Squatting Mechanics To Know About

 

Squatting-Mechanics

Squatting mechanics is not just about bending your knees and moving back up, in fact, there’s more to squatting than just a simple exercise. Doing it right can do wonders for your body, but do it wrong and it could do you more harm than good.

Here are some helpful and practical tips to help you develop the right squatting process and free you from fear or worries of not doing it right.

Use your hips when you do your squatting exercises and require more horizontal back angle for a maximum effect.

It is always necessary to bend the hips and the knees as you descend the bar and it should be the hips that get the primary emphasis.

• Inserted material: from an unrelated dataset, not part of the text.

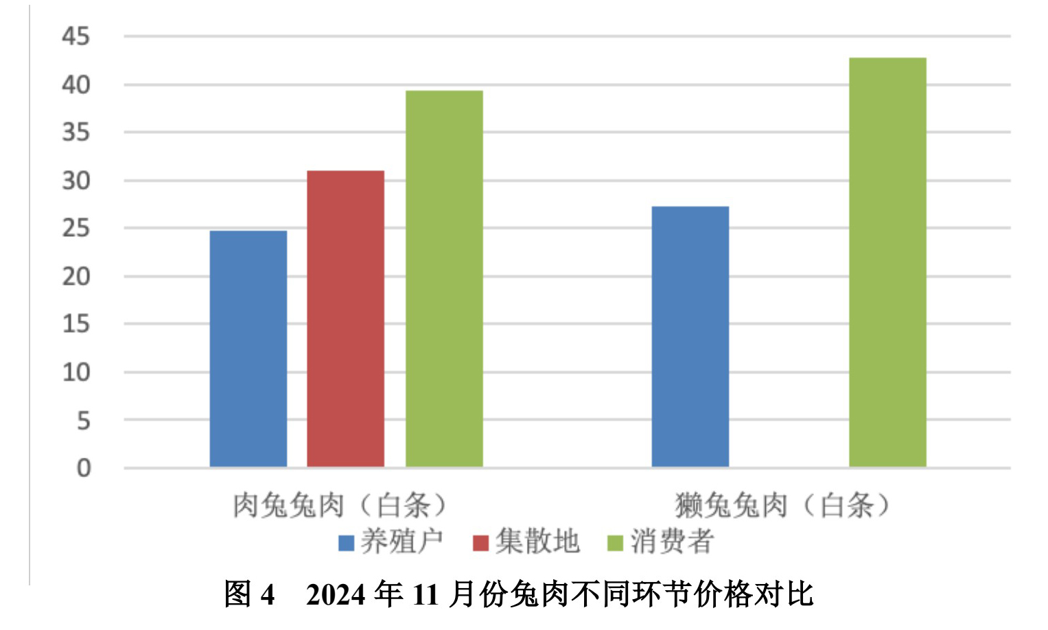 2024 年 11 月份養(yǎng)殖戶的肉兔兔肉銷售價(jià)格、中間商的集散價(jià)格和超市的零售價(jià)格分別為 24.74 元/公斤、31.03 元/公斤、39.34 元/公斤。11 月份集散地肉兔兔肉價(jià)格比養(yǎng)殖戶銷售的兔肉價(jià)格高 25.45%,超市消費(fèi)價(jià)格比集散地的兔肉價(jià)格高 26.77%,比養(yǎng)殖戶銷售的兔肉價(jià)格高 59.03%。養(yǎng)殖戶的獺兔兔肉銷售價(jià)格和超市的零售價(jià)格分別為 27.23 元/公斤、42.75 元/公斤,超市的獺兔兔肉價(jià)格比養(yǎng)殖戶銷售的兔肉價(jià)格高 57%。與上月相比,雖然養(yǎng)殖戶和集散地的銷售價(jià)格下降,但消費(fèi)者從超市購買兔肉的價(jià)格略有上升。

This can be done by focusing on the back angle to facilitate movement that is dominant on the hips.

By doing so, the load is focused on the hips by prolonging the moment arm on the back and hips and shortening the moment arm on the knees.

This method transforms your squat exercises into a hip-dominant back routine that includes the legs.

When you do squats, think firm and rigid, instead of vertical.

When squatting with the hips, you need to understand that you use a horizontal back angle.

This hip-drive method lets you assume the proper back angle and knee position for the bottom of the squat when you are about half-way down and holding the position as long as possible until you return back to the position on the way up.

Place the toes out 30-35 degrees in order for all the lateral and medial hip muscles are involved in the movement and knees must be shoved out to make the thighs parallel to the feet.

The hip flexion angle must be the same as the back angle to allow the spinal groups to remain neutral.

The strong isometric contraction of the muscles that surround the spine keeps the back in the normal anatomical position, which is technically flat as this is when the muscular lower back assumes a flat position across the top of the muscles and holds a normal curve of the spine.

This becomes an efficient force transmitter and a safe position to be loaded.

The back and hips work together.

As you do the squats, make sure that the back is locked tight and stay flat. The angle of the hip flexion must be equal to the back angle. Bend over enough to keep the back in the normal anatomical relationship with the pelvis.

So take good note of these squatting mechanics to allow you to optimize your squat workouts.